First Designate to the Presidency
- In office 8 May 1944 – 8 May 1948
- President: Teodoro Picado Michalski Santos León Herrera (acting)
- Preceded by: Teodoro Picado Michalski
- Succeeded by: Office abolished

Third Designate to the Presidency
- In office 8 May 1940 – 8 May 1944
- President: Rafael Ángel Calderón Guardia
- Preceded by: Rafael Ángel Calderón Guardia
- Succeeded by: Santos León Herrera

Personal details
- Born: Francisco Calderón Guardia 23 June 1906 San José, Costa Rica
- Died: 16 July 1977 (aged 71) San José, Costa Rica
- Party: PRN
- Relatives: Rafael Ángel Calderón Guardia (brother)

= Francisco Calderón Guardia =

Costa Rican businessman and politician (1906–1977)

Francisco Calderón Guardia (13 June 1906 - 17 July 1977) was a Costa Rican businessman and politician who served as First Designate to the Presidency from 1944 to 1948.

Guardia was a member of the influential Calderón-Guardia family, born in San José, the son of Rafael Ángel Calderón Muñoz and Ana Maria Guardia Mora. He was married three times, first in 1937 with Leticia G.H.G. Bernini, second with Josefina Gonzalez and third in 1965 with Maria Luisa Lopez Mejia.

During the presidential administration of his brother Rafael Ángel Calderón Guardia, Francisco Calderón Guardia was Secretary of the Interior (1940-1942) and Minister of Public Security (1942-1944). From 1940 until 1944, Guardia was third Vice President of Costa Rica. During which time he served for five days (1 to 5 December 1941) as the interim President, while his brother was on a trip to Nicaragua. He was first Vice President of Costa Rica in the following administration of Teodoro Picado Michalski, 1944-1948.

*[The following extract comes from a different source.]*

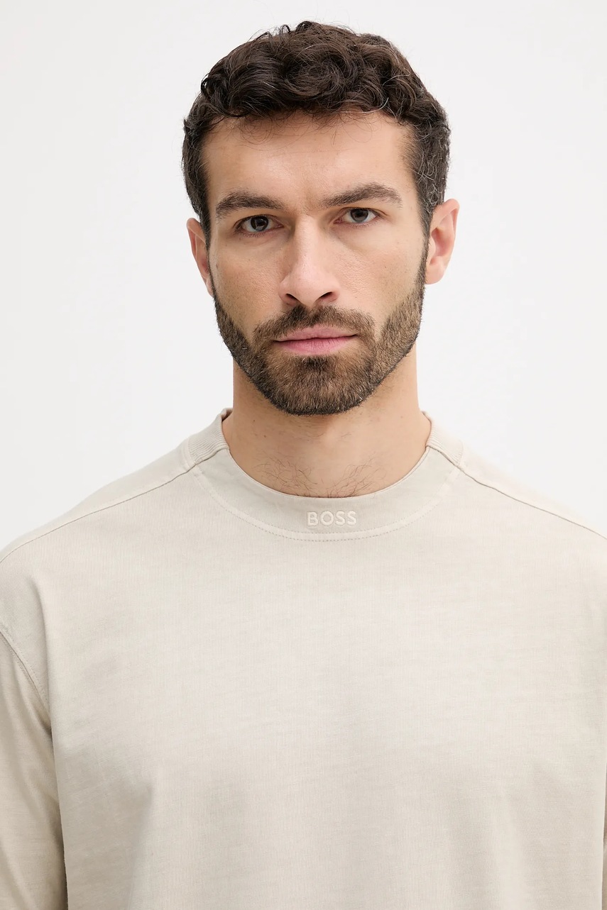 BOSS Orange t-shirt bawełniany męski kolor beżowy gładki 50521805
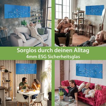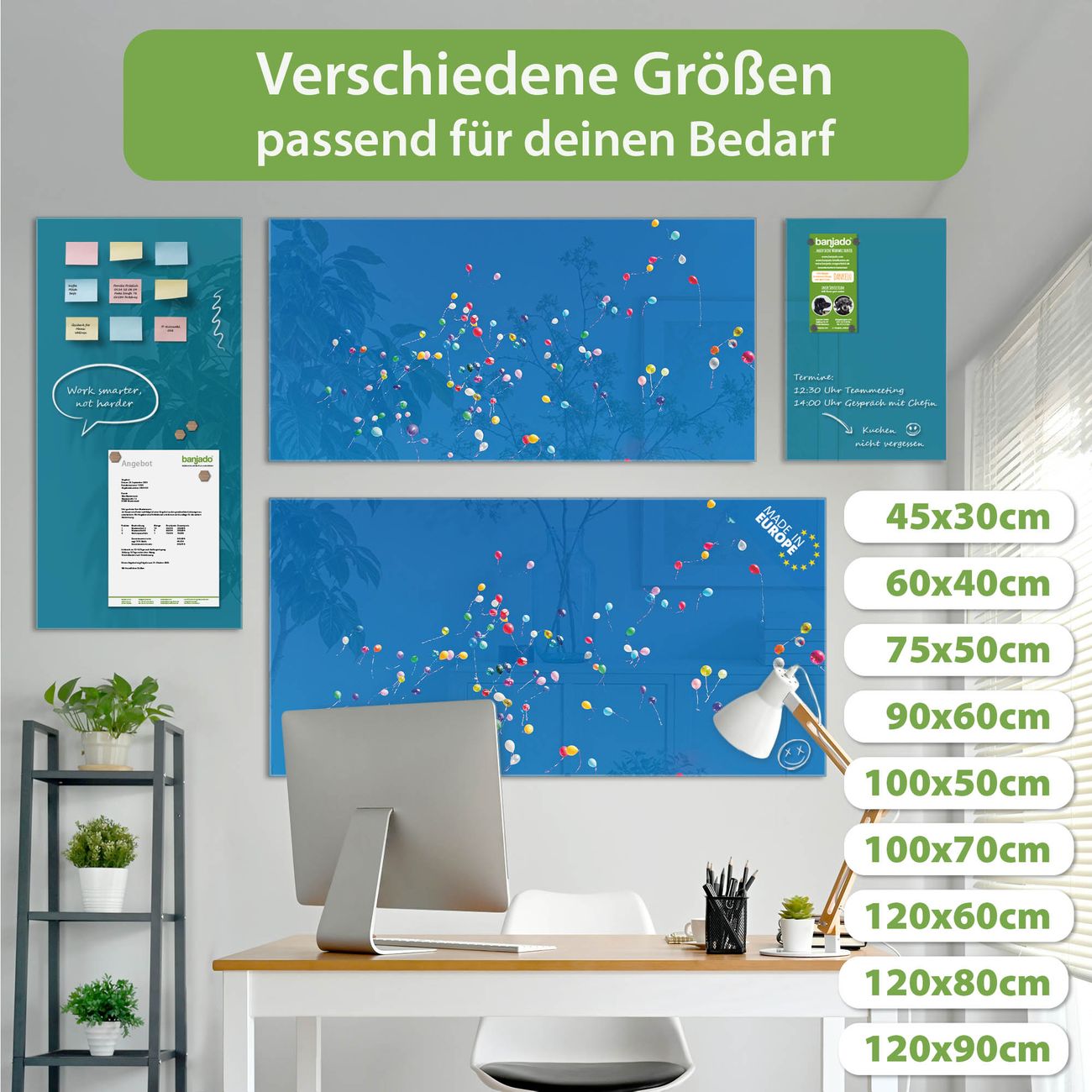 Material: 4mm Sicherheitsglas mit Metallrückwand Eigenschaften: beschreibbar, magnetisch, kratzfest Maße: 100x50x0,6cm, 7,50kg schwer Motiv Nummer 12505 Bunte Luftballons Zubehör: inklusive 4 Neodym-Magnete

After the civil war of 1948, Guardia and his brothers fled to Nicaragua. Later he moved to Mexico, from whence he returned to Costa Rica in 1958. He was again a member of the Costa Rican government as a deputy from 1958 to 1962 in the administration of Mario Echandi Jiménez. In 1966, he joined with his brother, Rafael Ángel, in forming the National Unification Party, and after his brother's death in 1970, Guardia became the most prominent figure in the party.

Francisco Calderón Guardia died in San Jose, Costa Rica, on 17 July 1977.